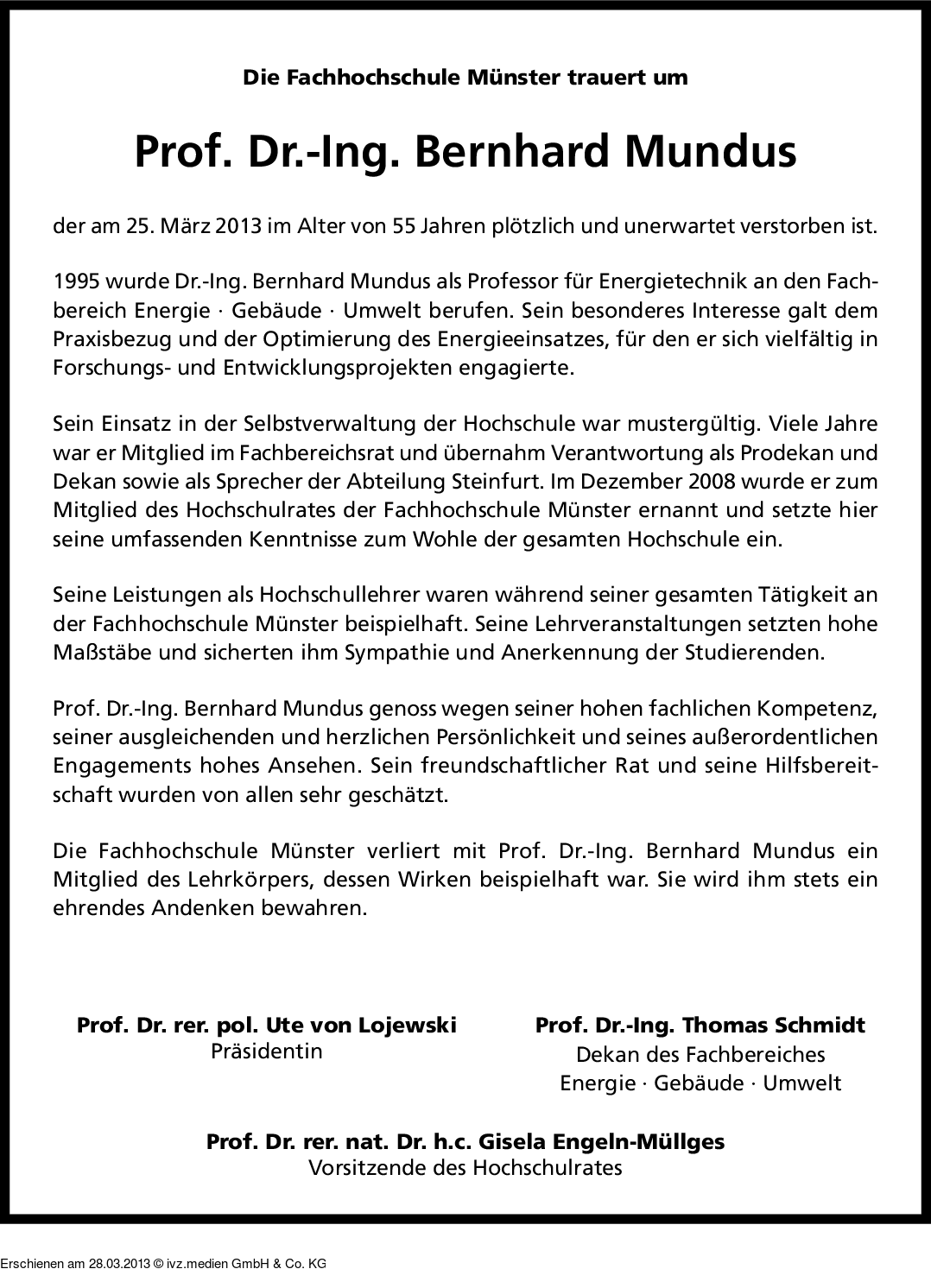 Anzeige vom 28.03.2013
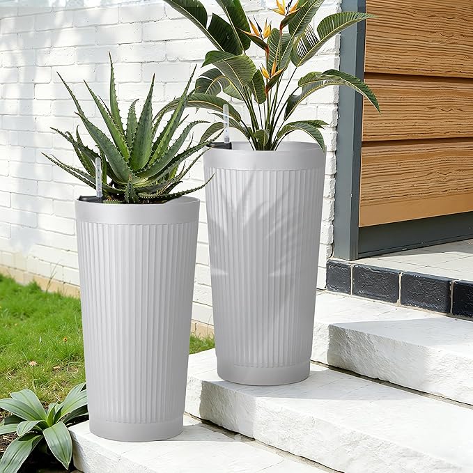 Water Level Monitor: Each tall planter includes a built-in water level monitor, allowing you to check remaining water at a glance. No more guessing or accidentally overwatering—simply refill through the watering port to keep your flower pots healthy and thriving, whether indoors or outdoors.
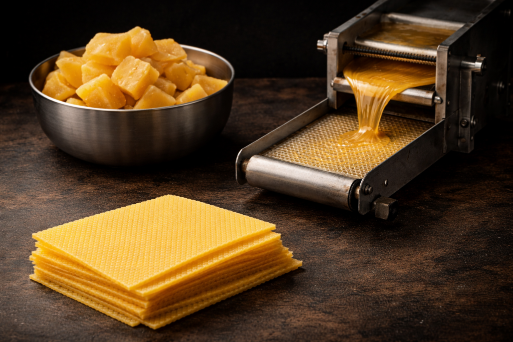 Wir kaufen Ihr Altwachs an und organisieren die fachgerechte Weiterverarbeitung über unsere Partner. Gleichzeitig können Sie bei uns hochwertige neue Mittelwände für Ihre Imkerei erwerben.

# YOUR TASK
Every line from the one containing "Water Level Monitor: Each" to the last line of the material must be returned exactly. Leave out any pictures.

# ANSWER TO THIS EXERCISE
 Water Level Monitor: Each tall planter includes a built-in water level monitor, allowing you to check remaining water at a glance. No more guessing or accidentally overwatering—simply refill through the watering port to keep your flower pots healthy and thriving, whether indoors or outdoors.
 Wir kaufen Ihr Altwachs an und organisieren die fachgerechte Weiterverarbeitung über unsere Partner. Gleichzeitig können Sie bei uns hochwertige neue Mittelwände für Ihre Imkerei erwerben.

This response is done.